A Cry for Mercy

It often seems it takes a crisis before we are willing to consider the notion that our desires do not match God’s desires. As we consider the times we have failed to love God and one another, we must realize that, on our own we cannot redeem that which was lost. Holy Scripture teaches us that the wages of our sin is death. Taking a serious look at our sin means acknowledging the reality of death. That is what the season of Lent is all about.

We have to acknowledge the great divide between God and humanity. Because of our sin, therefore, crying out to God for mercy is the same as asking God to raise the dead. And so, we make our journey to the cross of Christ where sin is put to death forever.

Psalm 51 is David’s cry for mercy. His greatest sins, the taking of Uriah’s wife Bathsheba into his bed, his plot cover up her pregnancy and his scheme to have Uriah killed on the battlefield lest his sin become known…all of these come to bear as the prophet Nathan exposes David’s sin to the light of God’s truth and judgment.

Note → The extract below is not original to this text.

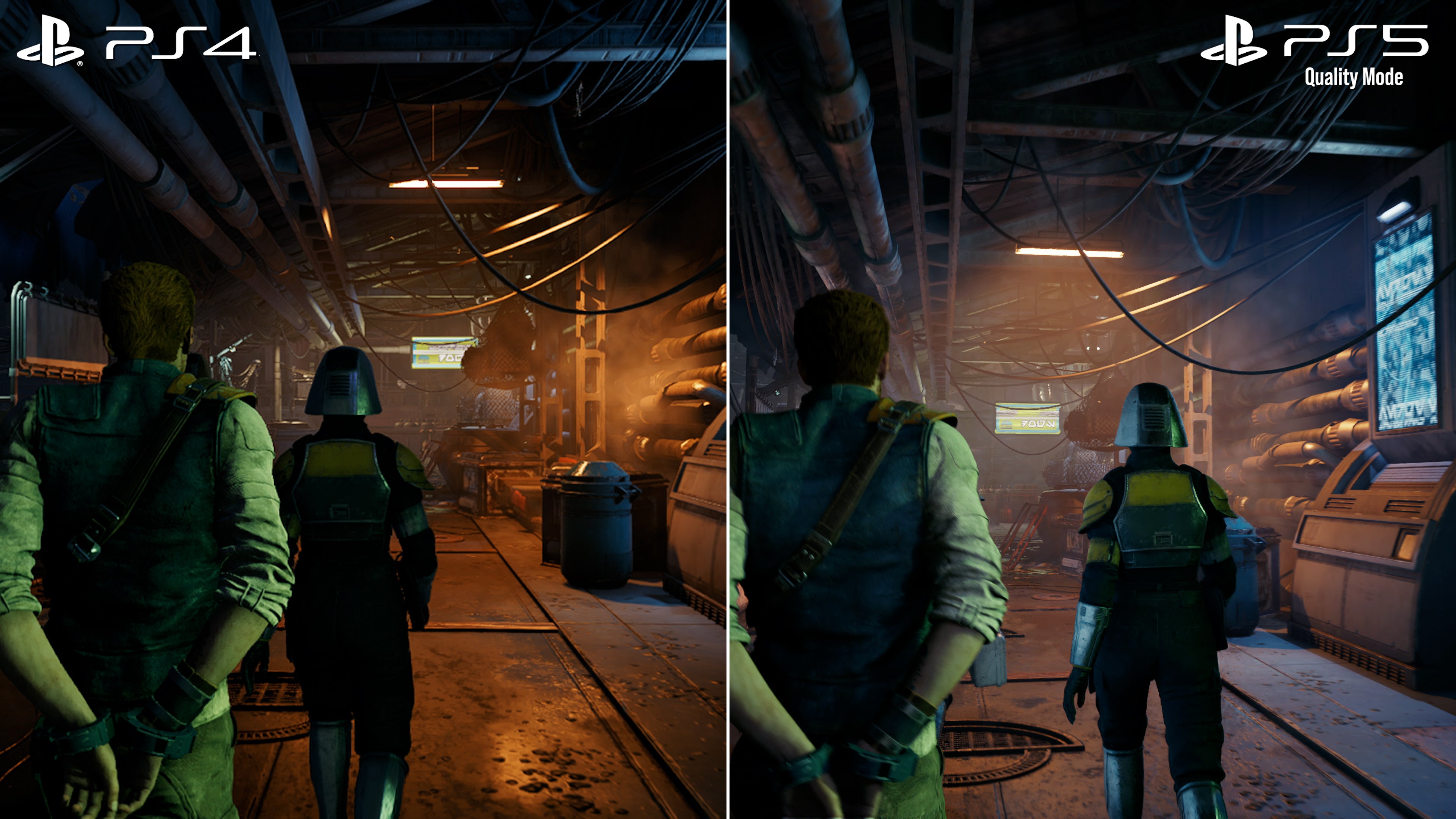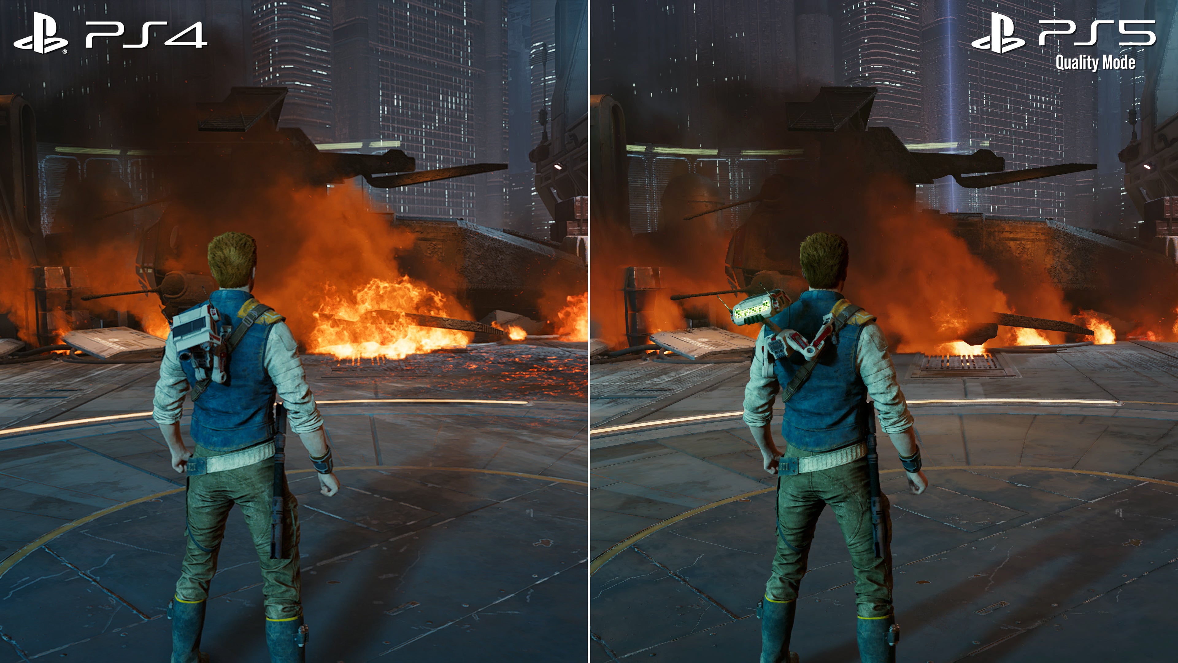 Jumping to performance testing, PS4 runs surprisingly well overall in gameplay thanks to its many cutbacks. Be it the open world roaming around Koboh or the stormtrooper battles in the city, 30fps is a generally well-met target. There are clear hiccups at points though, usually related to asset streaming during quick movement. Really, this is a trend for PS4's delivery as a whole; as we emerge to a broad overview of the city, the frame-rate tanks suddenly. It hitches as new assets load in, coupled screen-tearing at the top 20 percent of the display, plus uneven frame-pacing. There are less intrusive cases of this later on, where just running at pace outdoors will trigger a bout of uneven frame-pacing and tearing - before it re-stabilises at 30fps. The result in action is usually robust on PS4 but these lapses in stability do often stick out. Otherwise, impressively, PS4 is able to run at a more stable frame-rate at times, compared to PS5 on its quality mode, where RT effects can hit performance hard. So yes, in moments involving RT reflections on Koboh, PS4 will run more optimally at 30fps than its next-gen successor - but those streaming issues still need addressing.

David writes: “Have mercy on me. Wash me through and through. Indeed, I have been wicked. Purge me from my sin.” This is the cry of a sinful man, a king who has fallen from grace, a man who has grieved the heart of God. It’s the cry of every sinner. Looking closely at our sin and considering our disobedience, we soon find ourselves in the same predicament as David. Facing a crisis, we realize our need for God’s redeeming grace. Thankfully, the promise of God is sure. Those who believe in Christ Jesus as Lord and Savior will be saved.

Prayer: Create in me a clean heart O God, and renew a right spirit within me. Amen.